These luminaries, Mr. Editor, affect to disparage my slow marches; neither understanding my object, which is already more than half gained in merely retarding their airy flight, and in bringing them down from the clouds and darkness with which they were clothing themselves as with a garment, under the apprehension that they were encircling themselves in the robes of light. My plan has been-first, to examine the fulfilled prophecies for data to interpret the unfulfilled: in the second place, to fix the dates of all the prophecies, that we might know what the immediate future after their delivery was; and then to examine the history of Christianity, from its birth till now, to see how much of it interprets the prophecies concerning it! When these three points would have been fully considered, we should then be only ready to commence an attempt to ascertain the order of events which are now rising to the horizon, or immediately to appear. But, sir, before I had finished my first chapter, the zeal of our lay brother was boiling over; and, unable to repress or suppress its fury, he broke silence, and again reiterated a new edition, neither much enlarged nor improved, of his literal figurative expositions.

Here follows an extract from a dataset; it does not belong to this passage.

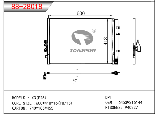 適用于寶馬 E30 320 i 82-93 AT散熱器OEM:1723 825/1719 261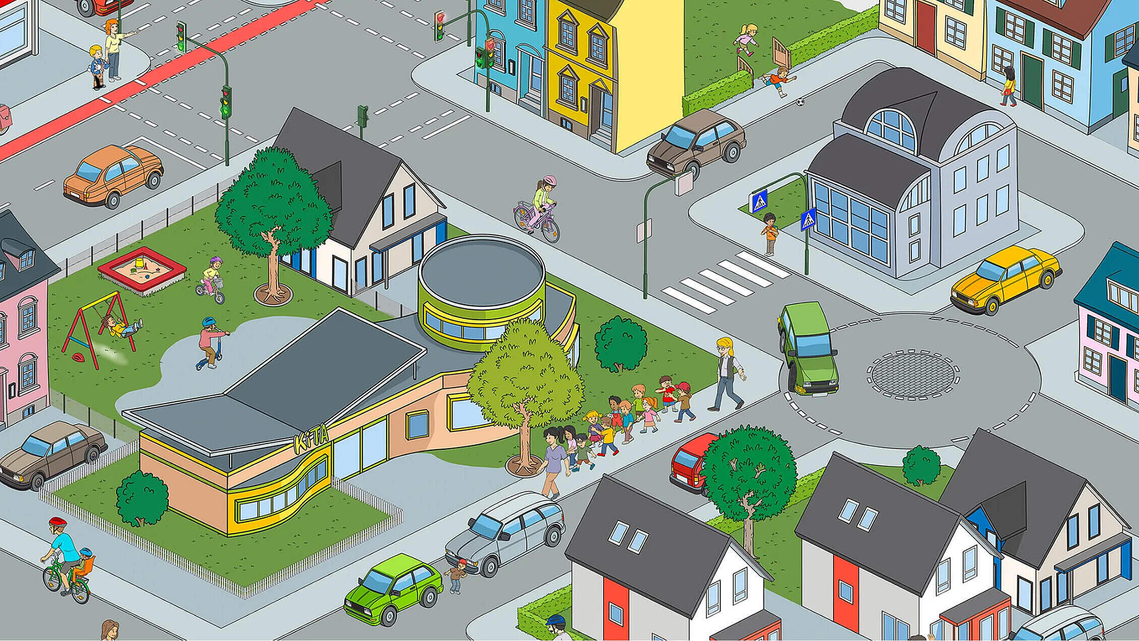 Welchen kritischen Situationen begegnen deine Kinder im Verkehrsalltag? Unser interaktives Wimmelbild bietet viele Verkehrsinformationen, Tipps, Videos und Materialien.

You, sir, intimated that should I and the Layman again enter into the arena, we should select some one point, and settle it on its own evidence, before we attempted a second; and, if I remember right, the point suggested was that on which our brother M'Corkle has, in the August number, introduced and argued. I am not sure that a discussion, such as you suggest, is either necessary or expedient: for it appears from the Layman's communication before us, that he has exhausted himself on the subject, not having a new idea in his last seven pages; and in confining the attention of the reader to his views, we should not greatly increase his stock of prophetic knowledge. It would seem better to go on with the plan I have proposed; provided only, your patience and that of your readers, were equal to the demands of the

subject on hand-of which, I confess, I have some doubt. Meanwhile, however, I shall examine the last production of the Layman, and wait to hear from you before I proceed with my essay. But, sir, I will demand time if I am permitted to go on with the subject. Newton said that he spent thirty years in the study of chronology, and wrote his own system off sixteen times, with his own hand, before he was pleased with it. This impatient age, sir, can never produce a Newton on any subject. Who of us could spend thirty years in any study, or write an essay sixteen times over! A majority of our young-old men,-of our Editors and Preachers,-anticipate the proof, and publish their conclusions a year or two before they have examined the premises. Some of them indeed, proclaim the first half of a new idea, in eager expectancy that the other half will appear during the next moon. But not so our brother, the Layman; for he is fully ripe on the prophecies, and therefore only his dogmatic confidence-not his knowledge-has increased during the last year.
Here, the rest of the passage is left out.